Swift is designed to process a single tile of Illumina data at a time. It can be run in two modes:1) base-caller only (processes intensity files produced by the Solexa pipeline) and 2) image analysis. The output files are purity-filtered and non purity-filtered reads in fastq format, a run report, an intensity file and files listing all processed images.


Processing PGP Data

AL - After verifying the functionality of the code with example data (available through Swift), we have run Swift on tile 87 of one PGP2 data set. Images are 7.1MB in size and the processing resources required exceed the abilities of AL's personal computer (1.5MB RAM). Swift is designed to process one full tile of Illumina data at a time.
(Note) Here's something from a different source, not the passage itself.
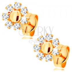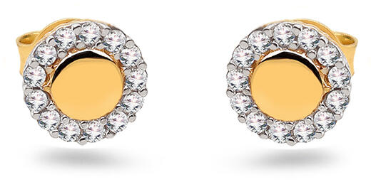 A 14K sárga arany fülbevaló egy kis virágból áll, amelynek a közepén egy sima, kidomborodó félgömb található, fényes felülettel. A félgömböt apró, csillogó cirkóniák díszítik átlátszó színben. Biztonságos viselését stekker teszi lehetővé. Fülbevaló méretei: 6 x 6 mmFülbevaló súlya: 0,4 gFémjelzéssel ellátott. Az ár egy párra vonatkozik.

Attempts to process less than 36 cycles remain unsuccessful. Keeping in mind that the goal is to perform the data analysis on a 'regular' computer, we did not move to larger memory capacities. Instead, the large images were cropped into three horizontal thirds of 2.4MB each using ImageJ, an open source image processing tool. Images overlapped by 10 pixels to avoid errors caused by edge effects. The one tile was then individually processed in three sub-tiles using Swift in approximately 20 minutes.


Finding the MFN2_R364W Variant and Control

To prove that Swift produces correct results, the stack 87 data were searched for the MFN2_R364W variant and stack 27 for the control. The last numbers are the x and y coordinates on the images. Differences in aligning techniques between the Illumina pipeline and Swift result in minor discrepancies in coordinate assignment.

Previous analysis had shown a T in the 11th cycle:
HWI-EAS0184_1:2:87:783:1097
GCACACGGTCTGGGCCAaGCAGATTGCAGAGGCGGg

The Swift analysis confirms this result:
@mid:784:1097
GCACACGGTCTGGGCCAAGCAGATTGCAGAGGCGGG

Analogous, the control sequence was extracted from stack 27.

Previous analysis had shown a C in the 13th cycle:
HWI-EAS0184_1:2:27:936:1555
CAGCACACGGTCCGGGCCAAGCAGATTGCAGAGGCG

The Swift analysis confirms this result:
@control_bot:935:1555
CAGCACACGGTCCGGGCCAAGCAGATTGCAGAGGCG


The results are illustrated in Figures 1 and 2. Images from the three cycles C, G, and T were loaded into the three color channels red, green, and blue of SAOImage ds9 to create a combined three-color image. The images show 50x100 pixels centered on the location of the variant and control sequence as determined by Swift. Fig. 1 shows cycles 9 through 13 of stack 87 for the variant MFN_R364W. Colors are red: C, green: G, blue: T. The expected sequence is TCTGG (blue, red, blue, green, green). The location of the variant is circled. Fig. 2 shows cycles 11 through 15 of stack 27 for the control sequence for the variant MFN_R364W. Colors are red: C, green: G, blue: T. The expected sequence is TCCGG (blue, red, red, green, green). The location of the variant is circled.

Fig.1 Cycles 9 through 13 of stack 87 for the variant MFN_R364W. Colors are red: C, green: G, blue: T. The expected sequence is TCTGG (blue, red, blue, green, green).  The location of the variant is circled.
Fig.1 Cycles 9 through 13 of stack 87 for the variant MFN_R364W. Colors are red: C, green: G, blue: T. The expected sequence is TCTGG (blue, red, blue, green, green). The location of the variant is circled.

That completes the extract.